-- What is being asked --
Wherever a picture sits, omit it. Output the rest of the listing exactly.

-- Recorded data --

-------------------------

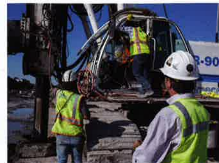
La tecnología de monitoreo de rendimiento en la cabina garantizó el mantenimiento de la calidad durante todo el proceso en el que instalaron más de 8.400 columnas.

como un soporte para la vía o “causeway” y se asegura de que la capacidad de carga del suelo es lo suficiente para soportar las cargas estáticas y dinámicas generadas por el tráfico de vehículos.
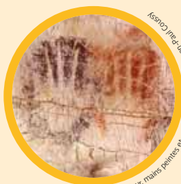
Lascaux (pre-Val de Gif) mains peintes en gravées

-------------------------

-- Answer space --
La tecnología de monitoreo de rendimiento en la cabina garantizó el mantenimiento de la calidad durante todo el proceso en el que instalaron más de 8.400 columnas.

como un soporte para la vía o “causeway” y se asegura de que la capacidad de carga del suelo es lo suficiente para soportar las cargas estáticas y dinámicas generadas por el tráfico de vehículos.
Lascaux (pre-Val de Gif) mains peintes en gravées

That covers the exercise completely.